Re[2]: Hackathon summary

Posted by Robert Menschel <Ro...@Menschel.net>.

Hello Justin,

Sunday, July 24, 2005, 11:30:49 PM, you wrote:

JM> Daniel Quinlan writes:
>> I would hope to include most language-specific rule sets in core (with
>> usual stipulations about quality), though.

JM> btw yeah, I'm still pretty conflicted about this -- I'm not sure what to
JM> do if we can't mass-check them ourselves reliably to get an idea what good
JM> scores would be.

There's also the problem which SARE has run into in many of our
obfuscation rules, where they hit beautifully on English spam, but
have horrible S/O rates for German ham (to pick an example).

That's why we use 70_sare_name_eng.cf files, to indicate that these
rules work well only on systems which expect almost 100% English ham,
and little to no ham in other languages.

I've begun to wonder whether it might be worth while having
50_scores.cf for English emails, and then 50_scores_de.cf for German
emails, and have SA pick the score appropriately depending upon the
language of the email...

Bob Menschel

Re: Hackathon summary

Posted by Daniel Quinlan <qu...@pathname.com>.
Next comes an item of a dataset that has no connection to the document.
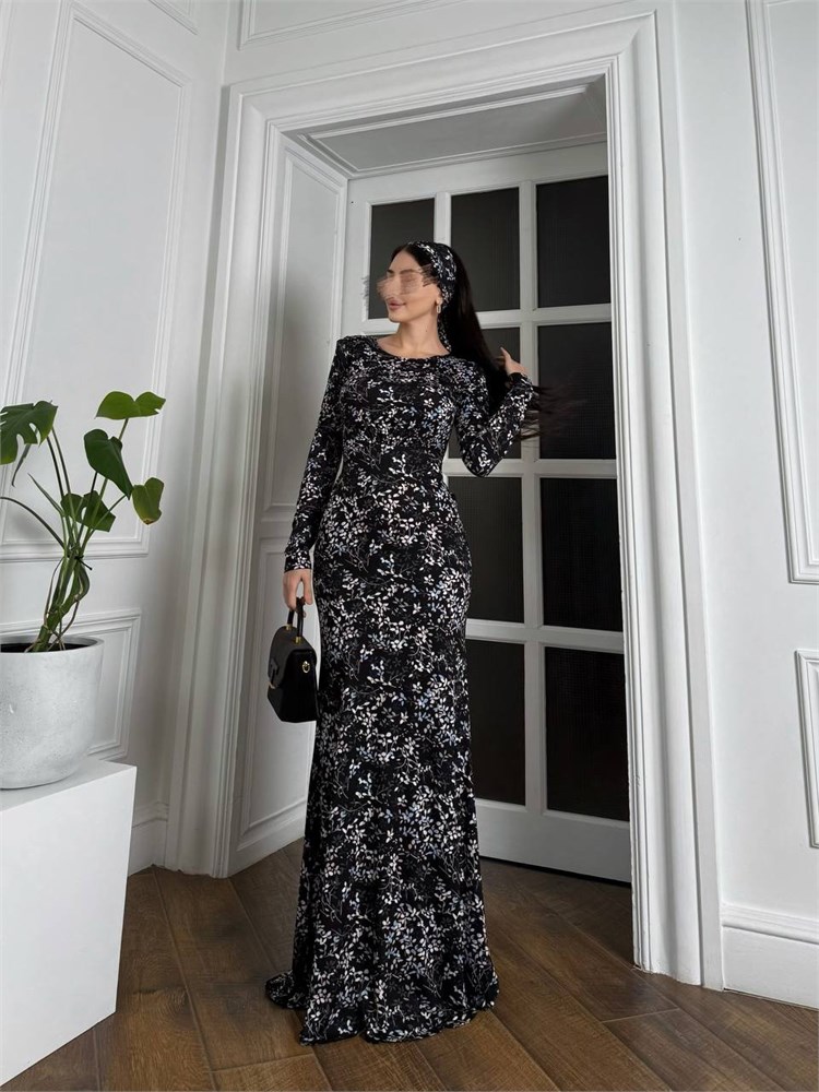 Платье базовое moda_ais со сборкой на талии, ткань премиальный бамбук черный в голубой цветочек 3000

Robert Menschel <Ro...@Menschel.net> writes:

> Question -- at the bottom of that page, we have:

>> Repository Organization
>> * rules/core/ = standard rules directory
>> * rules/sandbox/<username>/ = per-user sandboxes
>> * rules/extra/<directory>/ = extra rule sets not in core
> 
> I understand the first two.  What is the intent of the third. Would
> that be a collection of non-Apache/CLA rule sets submitted by users,
> for users?  Or would this be a collection of Apache/CLA rule sets
> which don't qualify for rules/core for some reason (ie:
> language-specific, too many ham hits, not enough spam hits, etc)? Or
> some other collection?  Or a combination of these?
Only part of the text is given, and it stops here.